Rit almost made a crack about it, but didn't. He was in deep enough. Maybe if he could bring this off . . . they'd practiced
this back in Norfolk, him and the Korean. Im hadn't had any problem then; all he needed now was a little help.

“How are you going to get him back out?”

“Just pull the torp back out again. I mean, the Shkval. Only now, he's got the lands greased, and with the down bubble you're putting on the bow, we flood to sea, open the outer door, and out she slides.”

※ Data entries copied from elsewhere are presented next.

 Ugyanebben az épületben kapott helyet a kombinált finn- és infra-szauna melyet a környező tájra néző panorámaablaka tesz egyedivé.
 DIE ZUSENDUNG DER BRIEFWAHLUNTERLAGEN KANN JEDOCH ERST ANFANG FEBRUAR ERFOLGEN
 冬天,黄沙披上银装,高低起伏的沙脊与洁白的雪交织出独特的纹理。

“But how are you going to get
him
out? He's crammed down there.”

“He's not ‘crammed,' there's plenty of room. We used to crawl inside to grease the tubes all the time, boats I was on. Yeah, it's uphill, going backwards, but that's why he's got that line around his ankle, Commander. We can reel him back out again.”

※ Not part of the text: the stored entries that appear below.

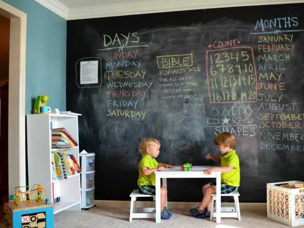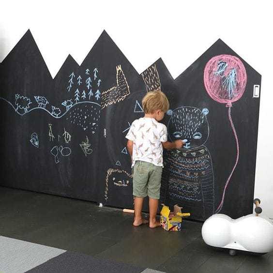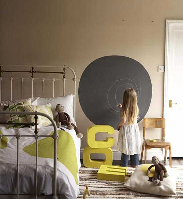 В детской комнате обычно под грифельную поверхность выделяют целую стену. Благодаря этому у ребенка есть возможность писать и рисовать все что угодно. Также можно окрасить еще комод, шкафы. Ребенку это точно понравится.
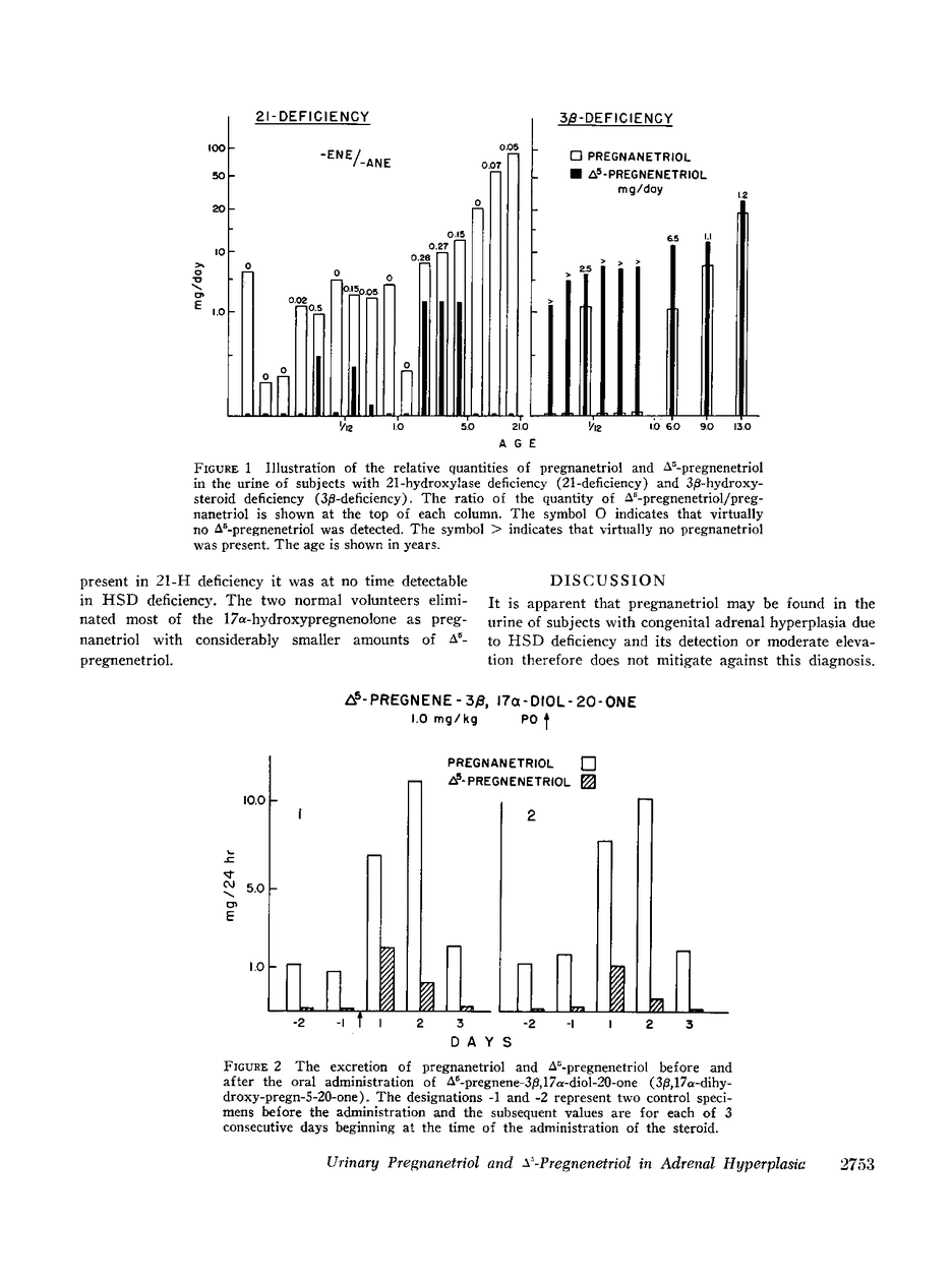 Although congenital adrenal hyperplasia due to 3β-hydroxysteroid dehydrogenase deficiency generally reveals a predominance of Δ5-3β-hydroxysteroids, on occasion substantial quantities of pregnanetriol have been found as well. It appears that the latter steroid more often occurs in the subjects who have survived beyond infancy. The use of the measurement of pregnanetriol alone may therefore not be relied upon as a sole determinant of the specific form of defective steroidal biogenesis. It is more characteristic of the 21-hydroxylase deficiency. However when both Δ5-pregnenetriol and pregnanetriol are measured the ratio of the former to the latter is always considerably below 1.0 in 21-hydroxylase deficiency and always above 1.0 in 3β-hydroxysteroid dehydrogenase. Furthermore, 11-ketopregnanetriol has been found only in the urine of subjects with the 21-hydroxylase deficiency. Thus, these two forms of defective steroidal biogenesis may be distinguished by the measurement of these three urinary steroidal metabolites.
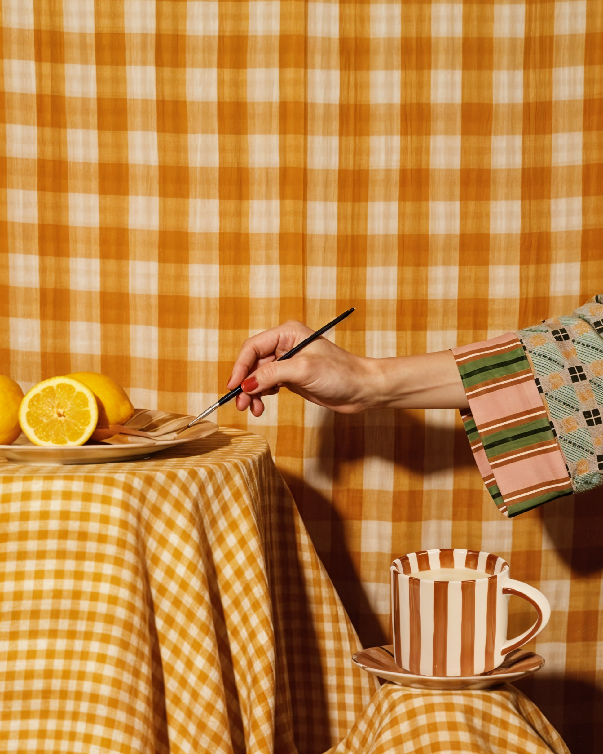 Hand-painted stripes, vintage energy, and just enough attitude to handle both your coffee and your crumbs. Comes with a small plate, because one mood is never enough. Holds 200ml of bold decisions.
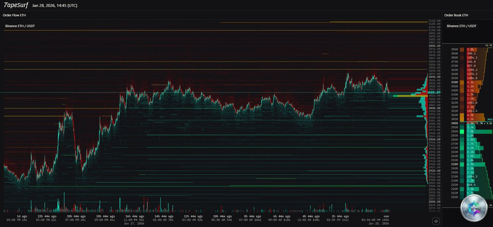 The Binance order book heatmap provides crucial information on institutional positioning. We observe a massive concentration of sell orders starting from $3,050 up to $3,200. These order walls act as physical barriers requiring a powerful external catalyst to be breached.

What he didn't say was that there was a chance, not much of one, but still a chance, that if the air pressure rose as they were essentially shoving a piston down the cylinder, the outer door might pop. Air could leak out around it; they were designed to hold against outside pressure, not from inside.

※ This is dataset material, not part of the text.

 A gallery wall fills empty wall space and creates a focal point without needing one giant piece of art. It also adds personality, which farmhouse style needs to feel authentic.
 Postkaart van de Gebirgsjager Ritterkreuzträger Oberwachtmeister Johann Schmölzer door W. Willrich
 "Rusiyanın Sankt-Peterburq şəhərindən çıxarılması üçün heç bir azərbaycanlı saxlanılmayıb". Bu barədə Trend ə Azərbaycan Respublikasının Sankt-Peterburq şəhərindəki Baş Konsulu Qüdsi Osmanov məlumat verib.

In that case, Im might get a little water in his face. Rit didn't think it'd be enough to matter. But if it was, just put a strain on the line, and he'd pull right out.

“Put your shoulder behind this, Commander,” he said, getting ready to shove again. The nose and the first quarter of the missile was already inside the tube. “Sooner we get him down there, sooner we can get him back.”

 

Im's doubled knees were scraping the inside of the tube. The rough bronze was flaying him alive. He tried to fight, to push back with his outstretched hand, but could not brake the steady force against his lower torso. He shouted and it rang in his ears. He screamed again, tearing his fingernails now as he tried desperately to stop being wedged deeper in with every second. A sharp edge of something unseen sliced into his chest. His feet were being pushed over what felt like rusty metal rollers on the bottom of the tube.

Now he couldn't breathe. His lungs had no room to expand in the crushing embrace of the sleeve. He fought desperately but the inexorable pressure increased.

Something hard yet flexible jammed itself against his sideways-turned head. The tube of lubricant. He'd dropped it in his struggle. Now he couldn't bend his arm back to pick it up again. He skidded forward. The grease on his shoulders was stripping off as he advanced. He twisted but couldn't move. He screamed but only deafened himself.

They couldn't hear him now. The whole length of the weapon was between them. He was more buried than in a coffin, entombed not beneath dirt, but solid bronze and steel and plastic, tons of metal and explosives plugging him in.

They shoved again and his outstretched hand came up against something curved and solid, and even colder than the plastic that locked him in.

He panted shallowly. At least he could go no farther. The smooth outward curve his outstretched fingers glided over was the outer door. Beyond it was only the sea. In a moment they'd start pulling him back.

Then the thing under his feet shoved yet again. He fought, but it was useless. His head was slowly forced against his curled up hand. His elbow locked against his cheek and the tube wall.

The pressure was still increasing, and suddenly he realized why. They were ballasted down forward. The bow must be nearly beneath the water. And the whole weight of the weapon was pressing against his feet; compressing him against the inner door. He fought like a trapped cat to keep his weight off it, to keep from pushing it outward, but couldn't get a purchase.

A thin cold spray tickled his face. He panted, eyes straining into the utter dark. Waiting for the next shove. For the spray to increase, and spread around the circumference of the seal.

A faint whine penetrated the metal around him. After a moment he recognized it as the prop of the swimmer delivery vehicle, outside. It ran for several seconds. Then
descended the scale, like a portable drill winding down as it ran out of charge.